Free Speech: Republicans are now officially the loyal opposition. But under President Obama and a revived Fairness Doctrine, they may soon need permission to voice that opposition.
"The very same people who don't want the Fairness Doctrine want the FCC to limit pornography on the air, (and) I am for that," he said. "But you can't say, 'government, hands-off' in one area to a commercial enterprise, but you are allowed to intervene in another. That's not consistent."
Dianne Feinstein, D-Calif., chairman of the Senate Rules Committee, agrees. "I believe very strongly that the airwaves are public and people use these airwaves for profit," she said last year. "But there is a responsibility to see that both sides, and not just one side, of the big public questions of the debate are aired and are aired with some modicum of fairness."
The Constitution guarantees the right to free speech but not to a government-mandated forum. As for the profit motive and fairness, there's no guarantee anyone will want to listen to what you say.
Just look at MSNBC and Air America. The marketplace of ideas is already open to all. Some ideas win, and some are turned off. Allowing people to speak doesn't mean forcing people to listen.
Speaking on Albuquerque station KKOB recently, Sen. Jeff Bingaman, D-N.M., told host Jim Villamicci: "I would want this station and all stations to have to present a balanced perspective and different points of view, instead of always hammering away at one side of the political (spectrum)."
Forcing stations "to present a balanced perspective" is not what the Founding Fathers had in mind when they wrote the First Amendment. Neither did they envision allowing the government to regulate the speech of its critics. That's like allowing the emperor to regulate those who say he's wearing no clothes.
Talk radio icon Rush Limbaugh, the main target of the Fairness Doctrine, said in response:
"Sen. Bingaman, do you know how many talk radio stations there are in America today? Try over 2,000 since the Fairness Doctrine was lifted, and on those 2,000 radio stations are countless points of view, from the extreme communist left to the wacko whatever it is on the far right. They're all over the place."
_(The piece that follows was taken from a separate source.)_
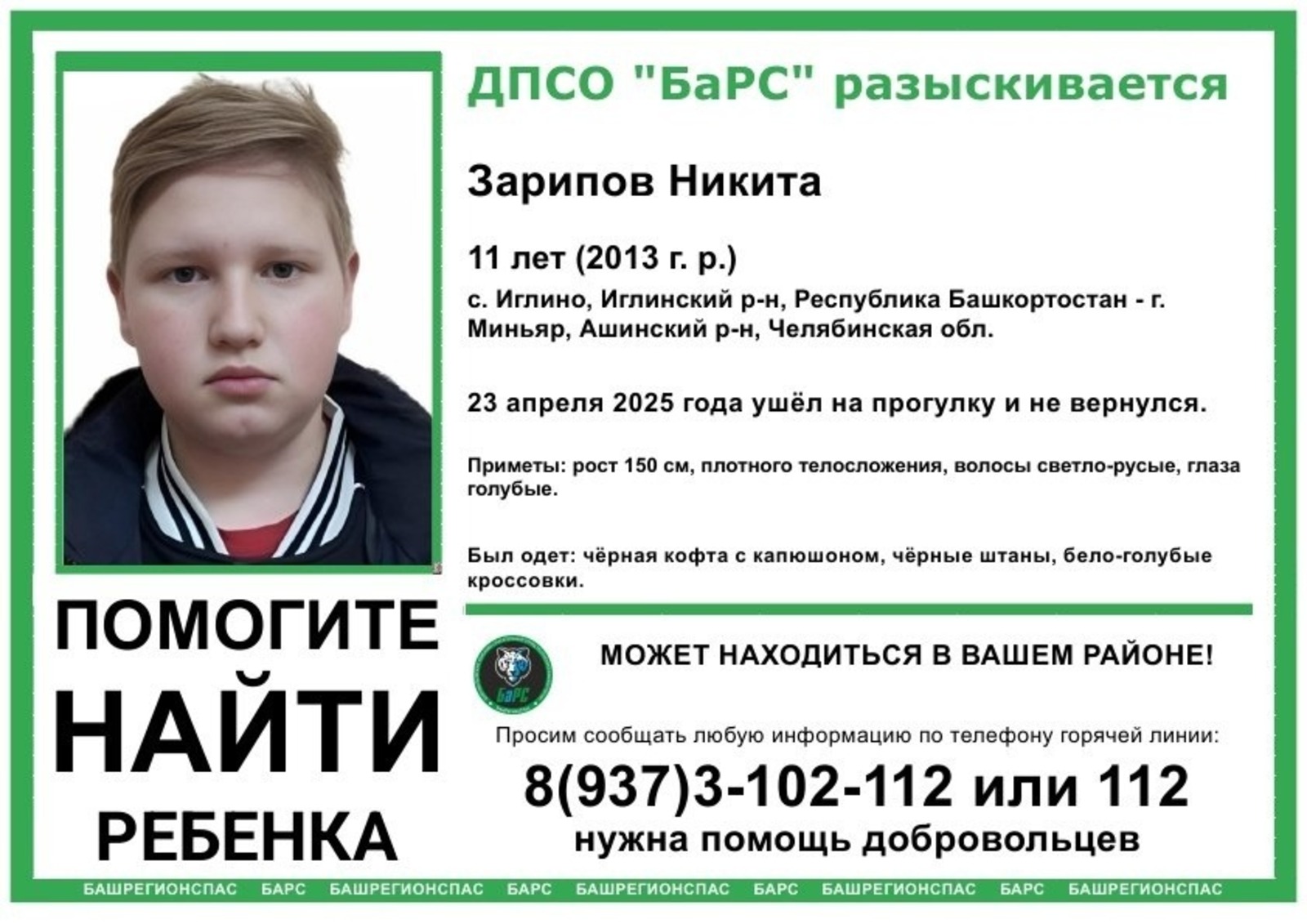 В Башкирии пропал 11-летний Никита Зарипов (2013 года рождения).

During the campaign, Obama expressed only muted opposition to a formal revival of the Fairness Doctrine. But it's not likely that he'd veto a legislated return to it. Certainly his actions in the campaign show just what team Obama's definition of "fairness" is and what critics have to look forward to.
When the National Rifle Association ran ads attacking Obama's position on gun rights, his campaign sent "cease and desist" letters to radio stations in Pennsylvania and Ohio. In the letter, Obama campaign general counsel Bob Bauer reminded station managers that "you have a duty 'to protect the public from false, misleading or deceptive advertising.' " The inner quote is a clear reference to government regulations on the issuance of station licenses.
When the American Issues Project, a private group, ran ads documenting Obama's long and close association with Weather Underground terrorist William Ayers, Bauer also warned station managers that their broadcast licenses might be at risk.
"Your station is committed to operating in the public interest, an objective that cannot be satisfied by accepting for compensation material of such malicious falsity," Bauer wrote. Bauer also wrote twice to the Justice Department, demanding that it "take prompt action to investigate and to prosecute" the group.
Team Obama will soon be running the Justice Department with Democrats controlling both houses of Congress. It may be a case of speaking now or forever holding your peace.